So, grab a seat as we unravel and make sense to this smell of inspiration.

When I quizzed Sir Jay about where he grew up and how it was like, his grandma name kept resurfacing in his brief responses. His childhood was hugely dominated by his shush and thanks to her, here is a guy who attributes his life principles to have been carved from that shrewd and tough upbringing. Shrewd because grandmas back then (Not millennial shushus) didn’t entertain nonsense while bringing up their grandchildren. They were discipline masters in as much as they were tender and loving. And how was it like, in those early days of Sir Jay life?

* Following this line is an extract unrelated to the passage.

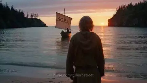 sora 2 Prompt: A man in Medieval peasant garb stands with his back to the camera at the beach of a bay going out into the ocean. The opening of the bay is in the background showing rocky cliffs and trees. The sun is half set over the horizon between the bay opening. A small canoe with a sale is floating out towards the open ocean. The word SORA is written on the sale. The scene is peaceful and sombre. The voice of a deep, older man speaks over the scene saying "Good bye, Sora. There were good times with good people."

He used to collect firewood, feed the goats and chicken and later, stroll downstream to fetch water. Thanks to the fact that, back then rivers would flow freely, unpolluted and full of life unlike the days of our Lord today, where a stream of water is not only seasonal but heavily polluted in its short span of life by our selfish acts and baggage. Why is it that grandmas are extremely passionate when it comes to taking care of their livestock? A case in point, my grandma would rather sleep hungry but ensure her goats and cows have enough supply of dairy meal and Maclik salt. She will also ensure any regular guest at her home assists in cutting some stinging nettle around her house which she puts in a big sufuria and boils the greens and later feeds them to her dear cows. You should see her cows fighting for the cooked stinging nettle, it’s like pizza to the city slay queens. You know that happy face while one takes something delicious. For men, it should be Nyama choma at Tums in Giakaja because beer is certainly not tasteful.

Sir Jay changed schools so often both at Primary and High school level. To be exact, he was in six different schools between primary through secondary school. But why? Lack of funds featured prominently in his childhood hence why apart from changing schools due to lack of school fees, was brought up by his grandma back in Muruguru, Nyeri County. Interestingly, he always emerged the cleanest boy in high school and at some point, he became the school captain due to his neatness. Arguably, almost a decade after, he has still kept this self-made ethos. In addition, he was very sporty in high school unlike me. I tried basketball but my height became the undoing. Tried football, but every lad played football and it became too competitive and congested. Attempted hockey, barely succeeded since it was too crafty. Moved to rugby but couldn’t risk my ribs. Left with no option, I gave up. But on a brighter note, I was very passionate about Art stuff hence resulting to joining Drama club, music club and predictably – Debate Club. At Form 3, I was elected the President of Debate Club. Did I love debating and gathering points for motions, oooh boy! So, back to Sir Jay; he played Football, Handball, Rugby, was in Athletics as well, Triple and Long Jump too.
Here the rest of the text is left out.